Julia Briggs. Reading Virginia Woolf. Edinburgh: Edinburgh University Press, 2006. 240 pp. $38.00 (paper), ISBN 978-0-7486-2435-5.
Reviewed by Kelly C. MacPhail
Published on H-Albion (July, 2009)
Commissioned by Mark Hampton (Lingnan University)
In Search of Absence
Julia Briggs intended this volume to explore the conscious absences written into Virginia Woolf's work and to illuminate presumably unconscious absences in our critical appreciation of one of the greatest modernist writers. In fact, for those familiar with Briggs, that approach speaks widely of her career as a whole, which ended too soon when she died of brain cancer in 2007 at the age of 63. Briggs was primarily regarded as a pedagogue, first at Oxford, where she was credited with making women's studies a central part of the English curriculum, and later at DeMontford University in Leicester. She wrote widely on topics such as the ghost story, the life of children's author E. Nesbit, Jacobean stage plays, and the passage of the Mayflower. To dedicated readers of Virginia Woolf, Briggs is already known as the general editor of the Penguin editions of Woolf's works that were published in the nineties after they briefly came out of copyright on the anniversary of Woolf's death until the United Kingdom changed its copyright law. In 2006, Briggs also published a well-received biography of Woolf that centered on her unconscious life and not just external events.[1]

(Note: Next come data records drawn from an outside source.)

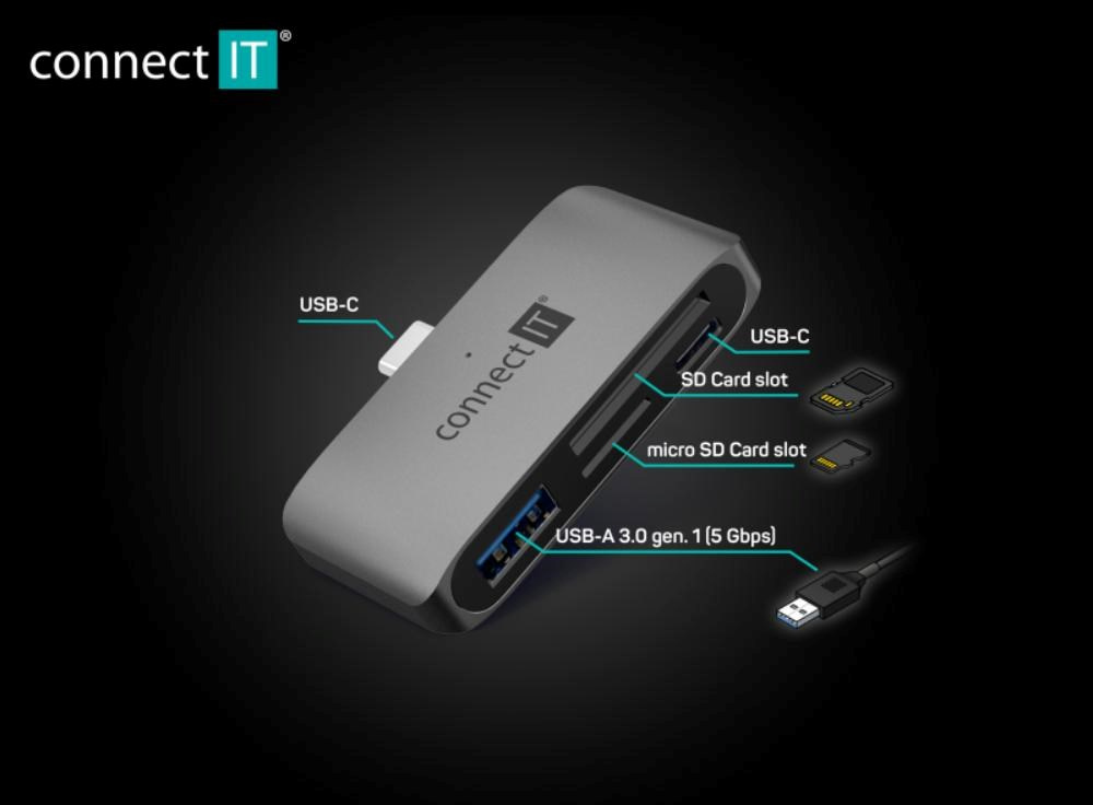 Praktická USB-C čtečka paměťových karet a USB hub CompactPRO umožňuje přenášet data a obsah mezi vašimi paměťovými kartami a mobilním telefonem či počítačem. Disponuje USB-C a USB-A 3.0 portem a sloty pro SD a MicroSD kartu.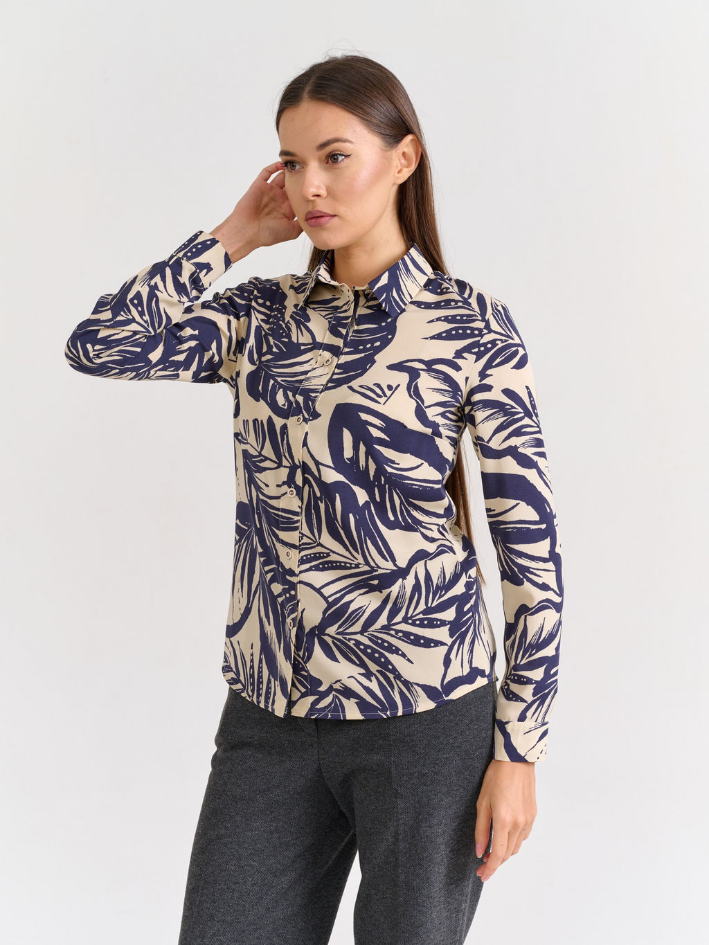Женская рубашка с длинным рукавом приталенного силуэта. Застежка расположена спереди и закрепляется на пуговицы. Рукав данной модели на манжете и закреплен также пуговицей. Элегантная рубашка, прекрасно сочетается с брюками и юбками, любого формата - от классического офисного до повседневного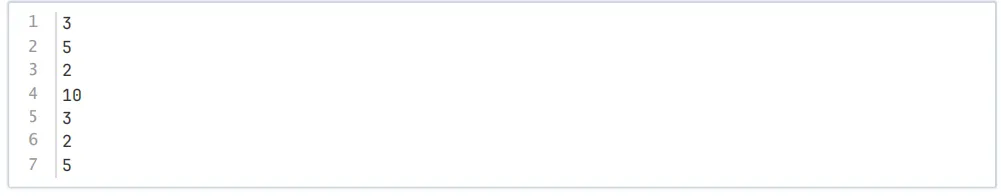 第一行包含一个正整数t,代表测试数据组数。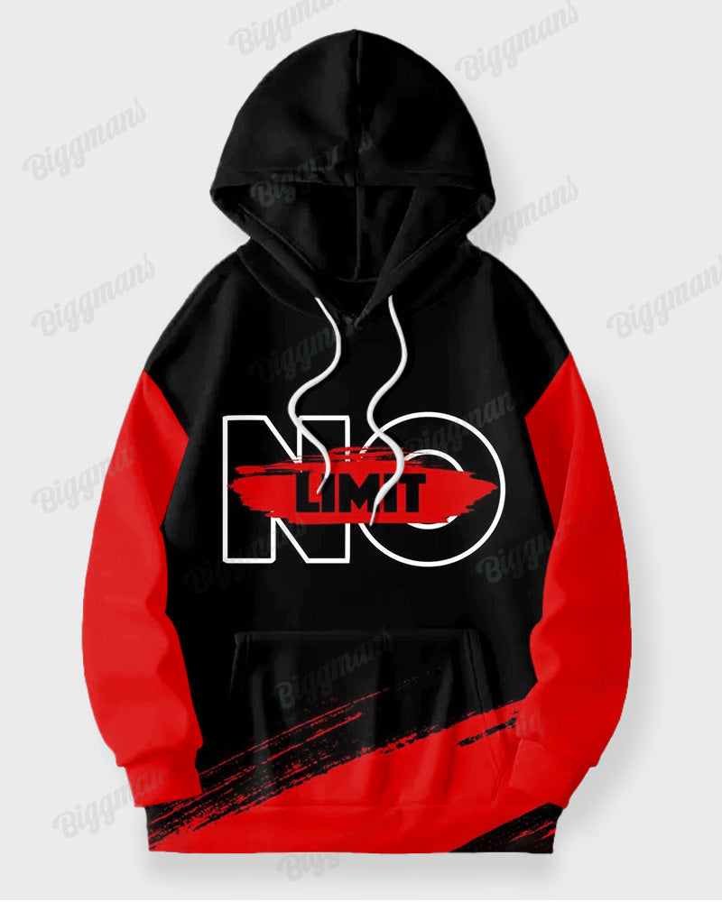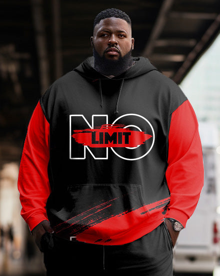 Embrace self-expression with this black hoodie set for big & tall men, featuring striking red color-block details and a standout "NO LIMIT" graphic print. The loose-fit set combines comfort with a powerful style statement. It pushes boundaries and showcases your individuality.

Coming only a year after that monumental biography, Reading Virginia Woolf reads like a somewhat loose collection of secondary essays. While Brigg’s biography is rightly considered to be ground-breaking, in that it centered on an inner life that had been largely ignored, Reading's fourteen essays, without exception, were read at conferences or published separately prior to their inclusion in this book. There is no new material in this volume, and although most of it is recent, there are four essays dating from the nineties, including one that was published fourteen years previously. The introduction claims, “If a single theme runs through these essays, it is that of absence” (p. 1). The word “if” is appropriate. There certainly are essays that focus on the theme of absence, but the concern remains merely tangential in several others. These essays are really linked by Briggs’s interest in the problems addressed, some of which, she appears to think, are of too narrow a scope to hold much interest for other Woolf scholars. More apropos to the scope of the book than the declared thesis is the book’s title, Reading Virginia Woolf, which is unapologetically broad in its statement of purpose and does not necessarily indicate a cohesive purpose. These fourteen essays, including one on an unfinished essay by Woolf on the nature of reading itself, are the result of fifteen years of reading Woolf, and each is concerned with a particular issue initiated by this careful reading process. Indeed, in Briggs, one can see the ideal reader to whom Woolf imagined herself writing.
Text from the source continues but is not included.